Soucieux de construire un inventaire visuel des transformations de son temps, Albert Kahn emploie sa fortune à la réalisation d’un vaste programme de documentation du monde.
Dès 1912, il façonne le projet de constituer, selon ses propres dires : « une sorte d’inventaire photographique de la surface du globe, occupée et aménagée par l’homme, telle qu’elle se présente au début du XXe siècle ». Ainsi naissent les « Archives de la Planète », vaste projet documentaire qui constituent aujourd’hui le socle des collections du musée départemental Albert-Kahn.
Homme de son temps, conscient des bouleversements à l’œuvre dans le monde, Albert Kahn envisageait alors un projet global : « la photographie stéréoscopique, les projections, le cinématographe, surtout voilà ce que je voudrais faire fonctionner en grand afin de fixer, une fois pour toutes, des aspects, des pratiques et des modes de l’activité humaine dont la disparition fatale n’est plus qu’une question de temps ». Il exploite deux inventions récentes et complémentaires des frères Lumière : le cinématographe (1895) et l’autochrome (1907), la première enregistrant le mouvement et la seconde la couleur.

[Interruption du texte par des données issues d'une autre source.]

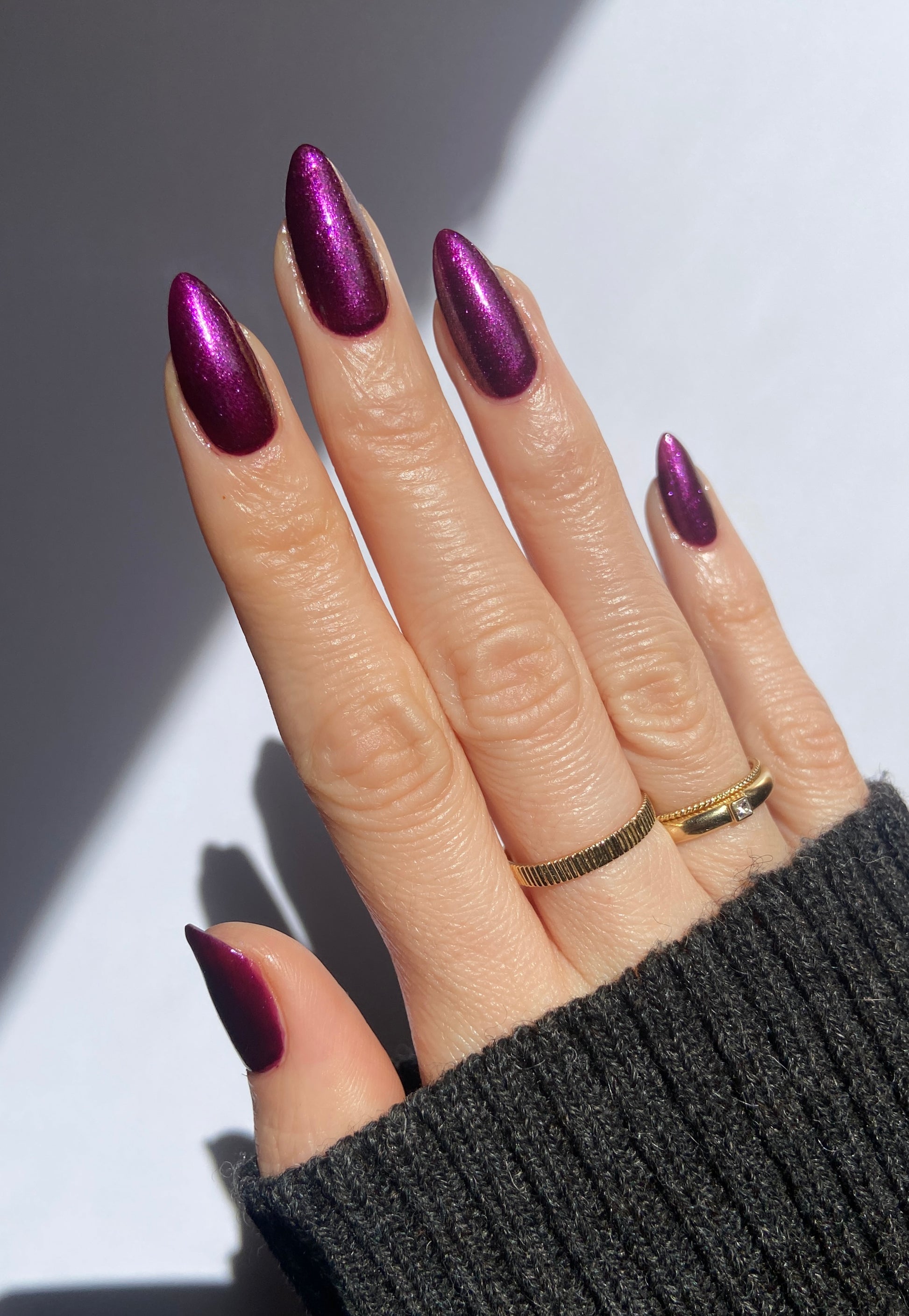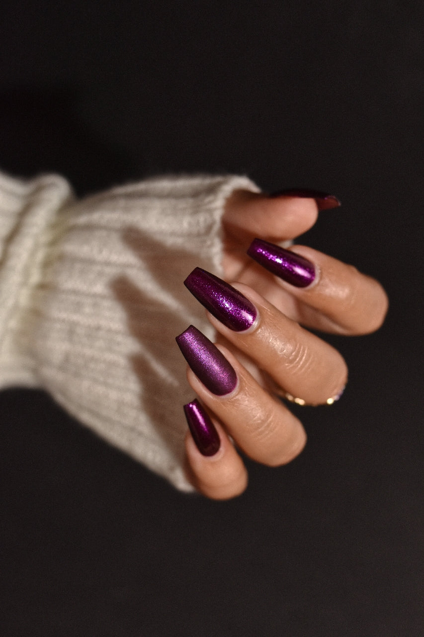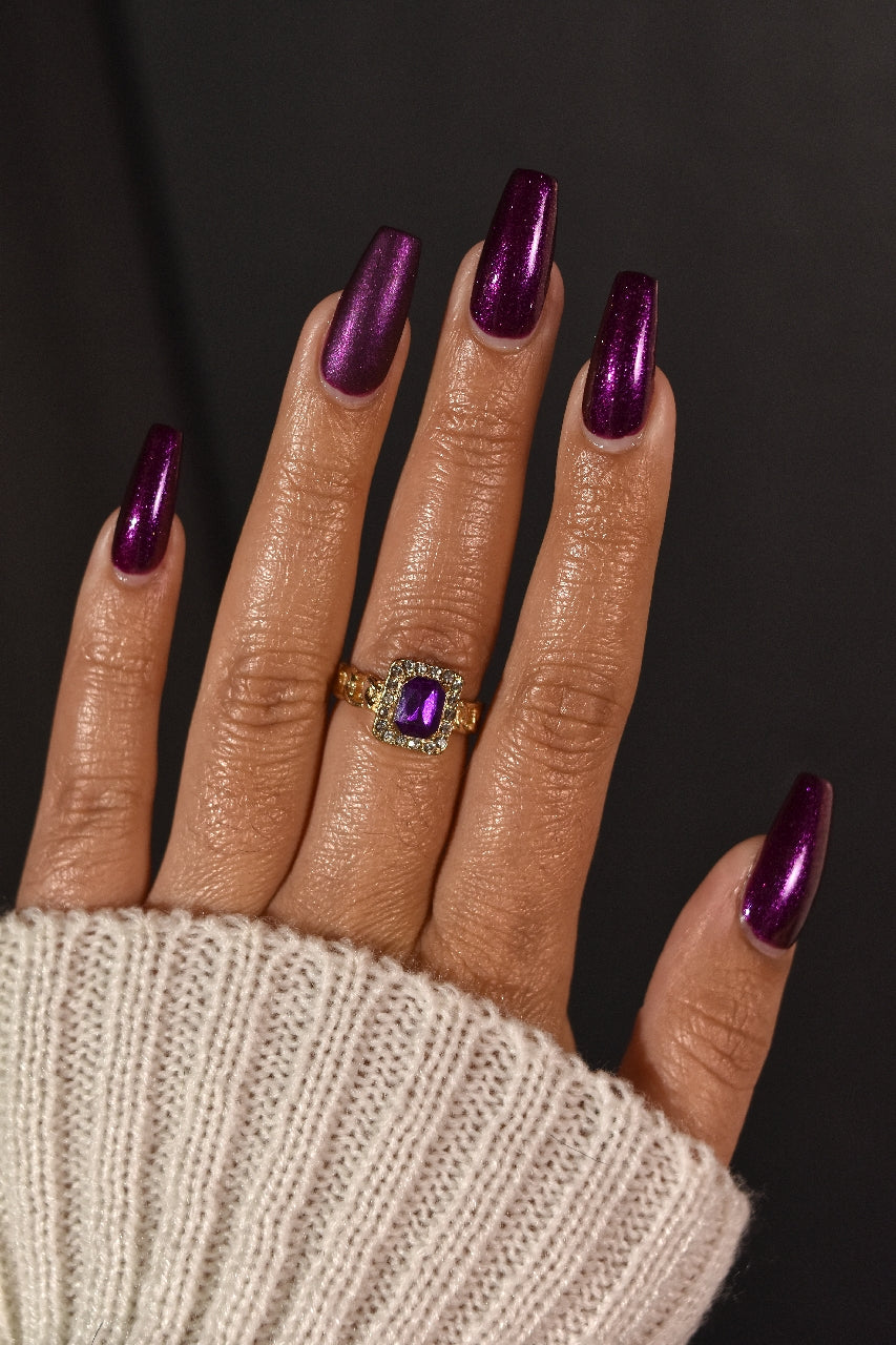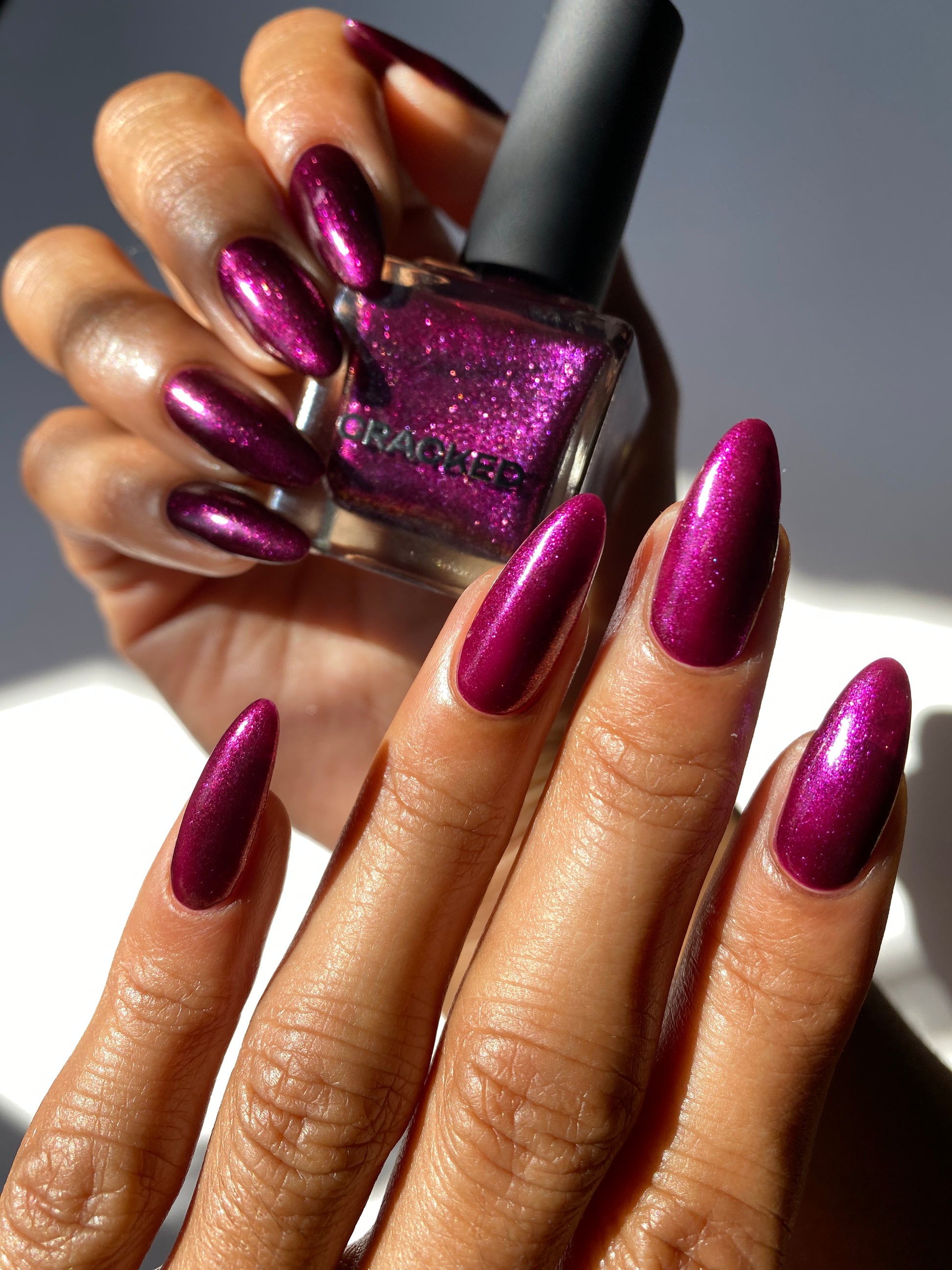 Dive into your feelings with Surging Energies, a deep magenta-purple polish that radiates passion in a glass bottle. This shade is shimmering with purple and soft pink glimmers, this shade captures the intensity of shifting moods during the winter season. Bold and perfect for the PPU Mood Rings and Emotions theme, it’s a great polish for when your inner world is bursting with energy and expression.

Albert Kahn engage Jean Brunhes en tant que directeur scientifique, initiateur de la géographie humaine. Ce dernier essaie d’instaurer une méthodologie reposant sur cette nouvelle discipline : l’enregistrement classifié des traces de l’activité humaine sur l’épiderme du globe. Kahn donne une inflexion plus ethnographique. Tous deux s’intéressent aussi aux mouvements politiques et sociaux. Dès 1913, le géographe tente une synthèse de ces différentes approches, définissant l’entreprise « comme un dossier de l’humanité prise en pleine vie, au commencement du XXe siècle, à l’heure critique de l’une des “mues” économiques, géographiques et historiques les plus complètes qu’on ait jamais pu constater. »
La photographie en couleurs et le cinéma, innovations récentes, sont encore perçus par lui dans tout l’éclat de leur puissance originelle, comme une véritable « empreinte » mémorielle du réel, un moyen de conserver « vivants quoique disparus » tous les « phénomènes d’intérêt général ». Car les Archives de la Planète, comme l’indique leur nom, doivent permettre aux générations futures de se nourrir des « enseignements que comporte le tableau direct de l’évolution ».
Cette exposition donne qu’un infime aperçu de l’étendue du travail entrepris par Albert Kahn, Jean Brunhes et les opérateurs photographes envoyés aux quatre coins du monde. Mais nous espérons qu’elle donnera l’envie à chacun d’aller plus loin dans sa recherche vers les autres cultures dans un monde actuel qui en a toujours bien besoin!